You hop around the street and sidewalk, careful not to slip as you make your journey. You are not even sure where you are going, but you soldier onwards, trying to keep your head held high, hoping to see a familiar face, someone who might lend you a hand without belittling you.
After a few hours, you realize it isn’t going to happen, and the sun is going down. You reach into your pocket where you find the $78 you have left and wander into a coffee shop to buy a cup of coffee to warm you up.
Your stomach, growling for sustenance, receives hot liquid to satisfy it for a moment as your face thaws. Night is here, and this shop will close soon. Pitying and judging looks are noticeable after finishing the coffee as everyone can see that you are not a student, and you are not a business owner doing work, and you are not there for the band. You are there because you have nowhere else to go.
Your bag is stuffed to the brim, because these are the only personal belongings you have left. No cell phone; that bill has long since gone unpaid and your phone shut off. No laptop; you already pawned that for money for food. Just this coffee and your bag.
You hear music teasing from down the block, and knowing that the shop is closing soon, you pick up your bag, put your tattered mittens back on and wander down the street to the bar where it is busy, and you can sit in the back, left alone for a few hours.
But they will close too, and you still don’t know where you will stay the rest of the night.
When the cold becomes too cruel, the region’s homeless shelters begin to fill, and eventually find themselves growing into their lobbies at night to give the city’s silent, forgotten homeless population a place to stay when the temperature dips to deadly temperatures.
The shuffle from place to place does not work as well when one can not risk being left out in the below-zero cold.

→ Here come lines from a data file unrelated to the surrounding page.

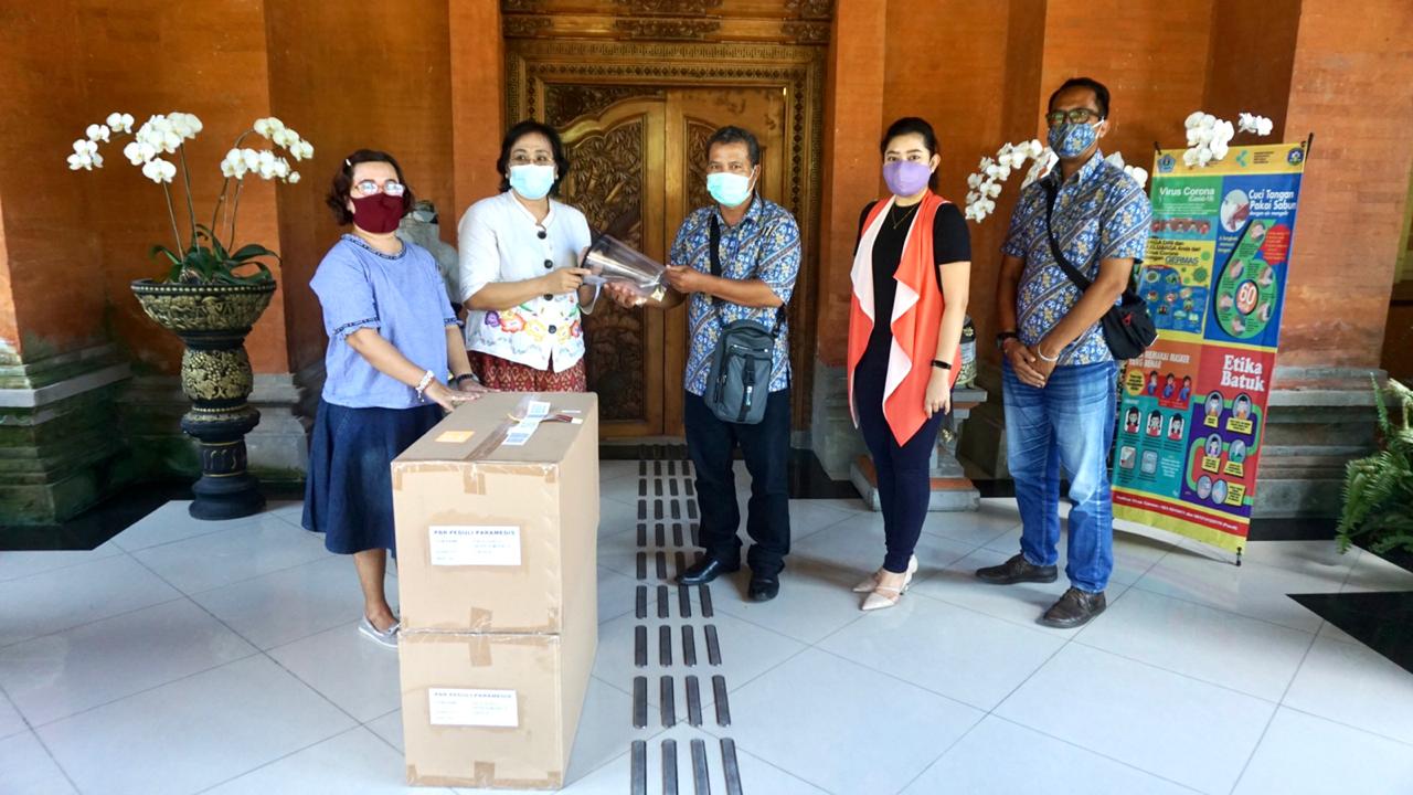 DENPASAR – Pemkot Denpasar kembali menerima bantuan alat pelindung diri (APD) berupa face shield (pelindung wajah) dari CSR perusahaan swasta. Kali ini, bantuan sebanyak 200 pelindung wajah diterima secara simbolis oleh Kadis Kesehatan Kota Denpasar, dr. Luh Putu Sri Armini, Senin (16/11/2020) di Lobi Kantor Wali Kota Denpasar.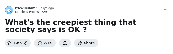 “I was just thinking about how many things in society are normalized but can actually be pretty unsettling when you really think about them—like invasive advertising, unsolicited opinions on personal lives, or even certain workplace expectations,” they told us. “It made me curious about what others find creepy but socially accepted, so I decided to ask Reddit!”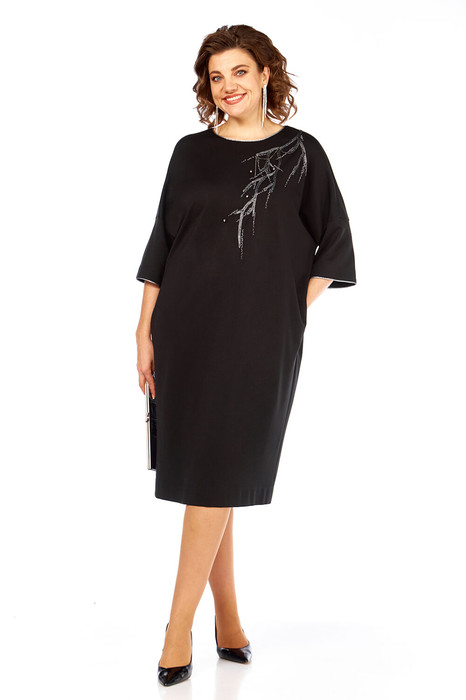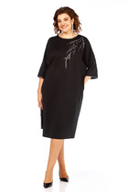 Платье женское нарядное, изготовлено из трикотажного полотна. Горловина круглой формы с кантом. На полочке дизайнерская вышивка. Спинка со средним швом и декоративной застежкой вверху. Рукава спущенные с кантом по низу.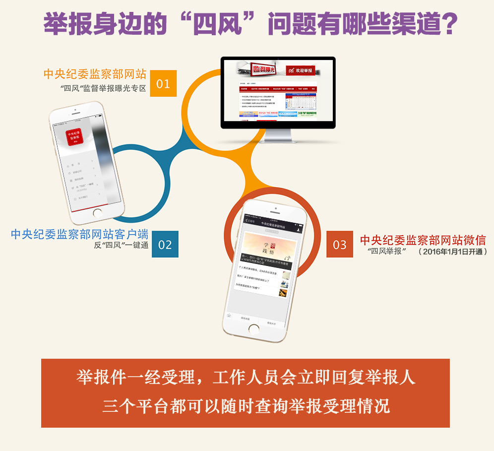 目前,中央纪委党风政风监督举报平台已形成了中央纪委监察部网站“四风”监督举报曝光专区、手机客户端“反‘四风’一键通”和微信“四风举报”组成的“一网一端一微”格局。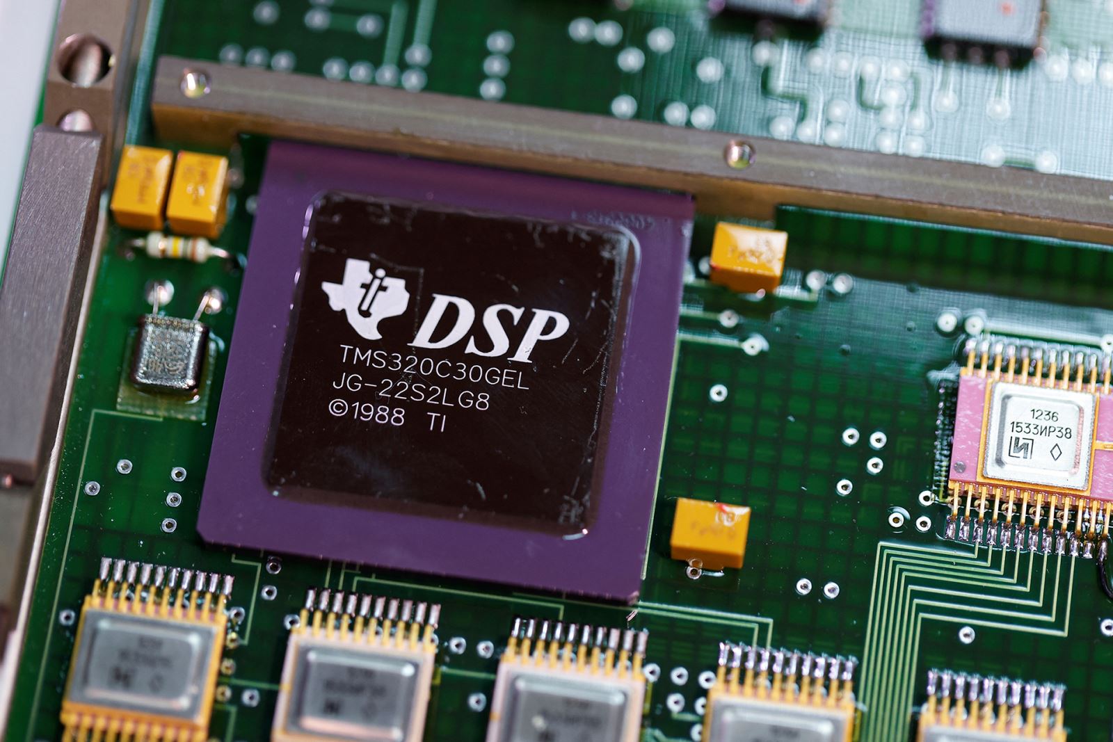 Một con chip của Texas Instruments trên bảng mạch tên lửa 9M727 của Nga. Ảnh: Reuters
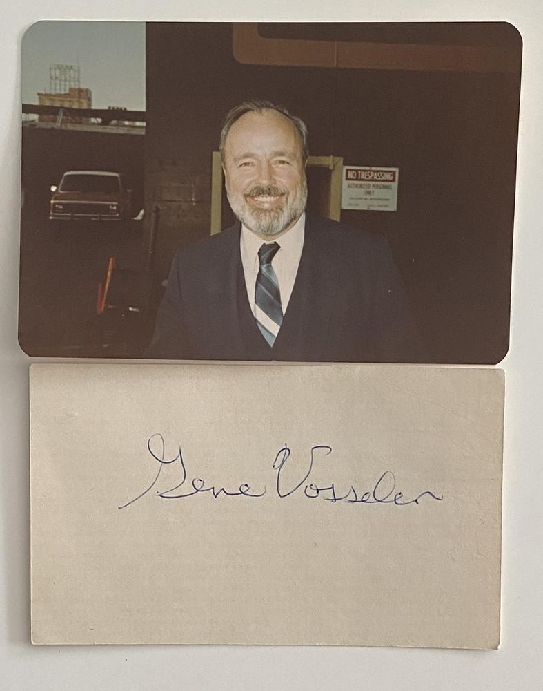 One of a kind E. Gene Vosseler original signature with photo from 1960 The Merv Griffin Show. This item was obtained from an employee of the Merv Griffith show who took pictures of all the stars and had them sign a momemeto 5x3 inches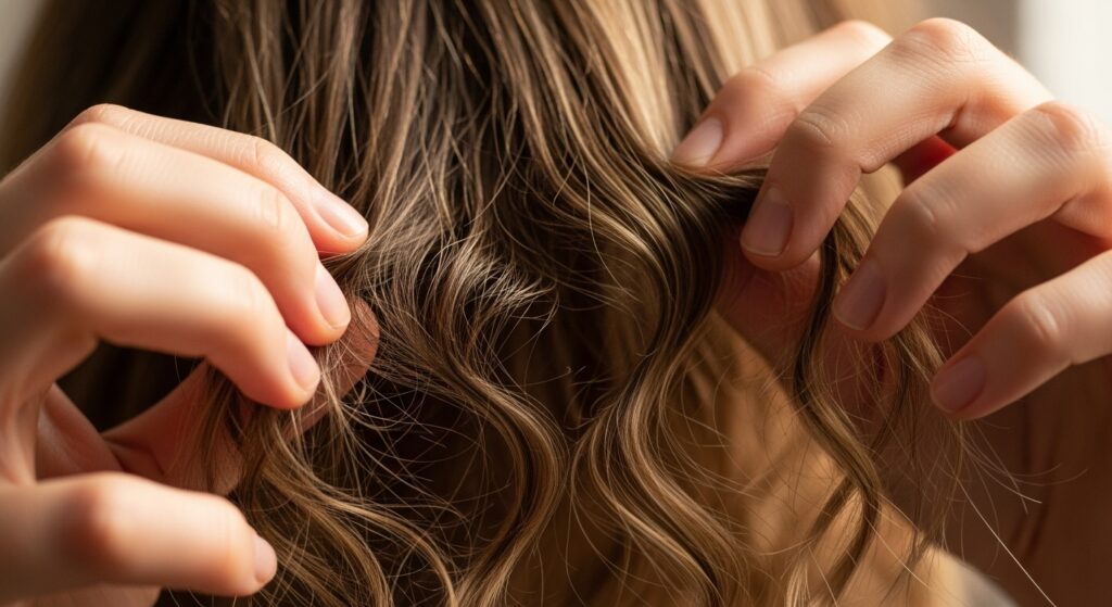 If you used a mousse or gel, your hair will likely dry with a “cast”—a slightly hard, crispy feeling. This is a good thing! This cast is what locks your waves in place all day, protecting them from humidity and preventing frizz. The “effortless” part comes from what you do next.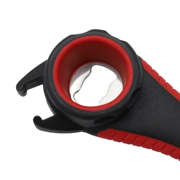Mångsidig funktionalitet: Denna multifunktionsöppnare kombinerar fem viktiga funktioner: flasköppnare, burköppnare, läsköppnare, räkor, och burköppnare, som tillgodoser alla dina behov i köket och utomhus.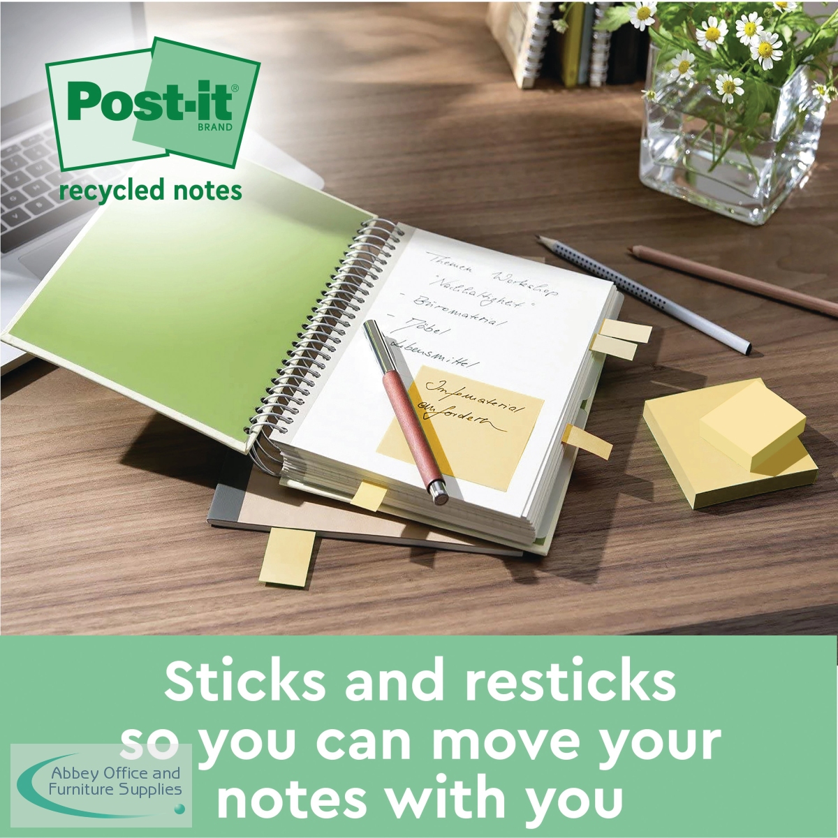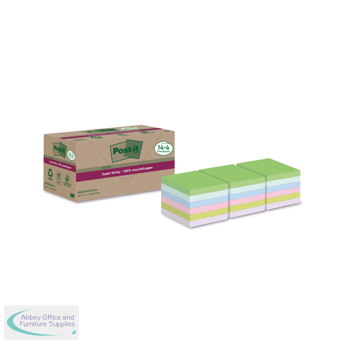3M06089 - Post-it Super Sticky Recycle 76x76mm Cardboard Packaging Yellow (Pack of 18) 654 RSSCY 14+4F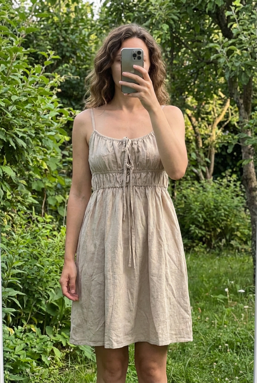 Eine Person in Wunderschönes Kleid zum Schnüren | Gr. S aufrecht stehend, der Kamera zugewandt, mit schlanker Figur, im Freien, in einer natürlichen Umgebung, umgeben von Grün und sanftem Tageslicht.
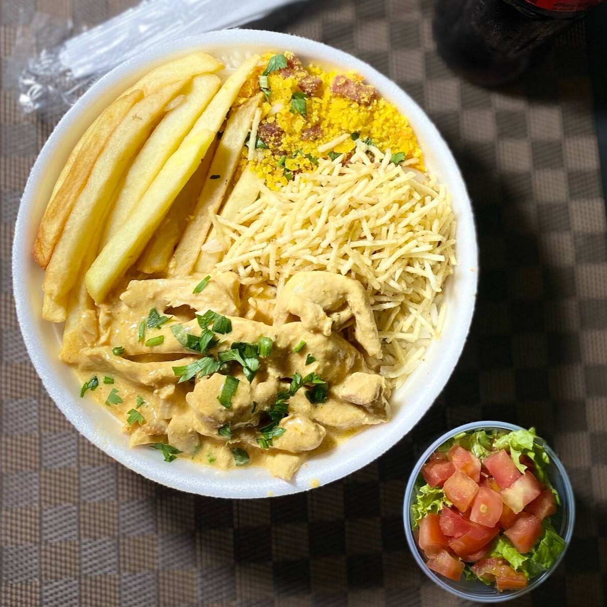 Acompanha arroz, feijão, batata frita, farofa (opcional), batata palha + salada do Dia (vai separado).

Many people take in and provide transport and shelter for animals left outside or neglected by neighbors, or make sure that the animals are taken to a shelter. It is easy to take in an animal since they are fuzzy and cute and grateful.
Neither humans nor animals should be left outside, exposed in below freezing weather.
There are many people and companies that are doing their part to help those in need this winter. Follow “Center for the Homeless” and “Hope Ministries – South Bend, IN” on Facebook to see what local businesses are sponsoring events or promotions for the shelters and what they are most in need of currently.
If you can spare the time, money, or supplies there are many who have fallen on tough times who could use all the help they can get. For shelter needs, “like” “Pet Refuge” and “Humane Society of St. Joseph County” on Facebook to get updates on current needs for our furry friends. If you see animals being intentionally left out in dangerous temperatures, always know you can call South Bend Animal Care and Control to report mistreatment of animals at 574-235-9303.
The cold weather increases the need for community solidarity and awareness! Nobody deserves to be left out in the cold.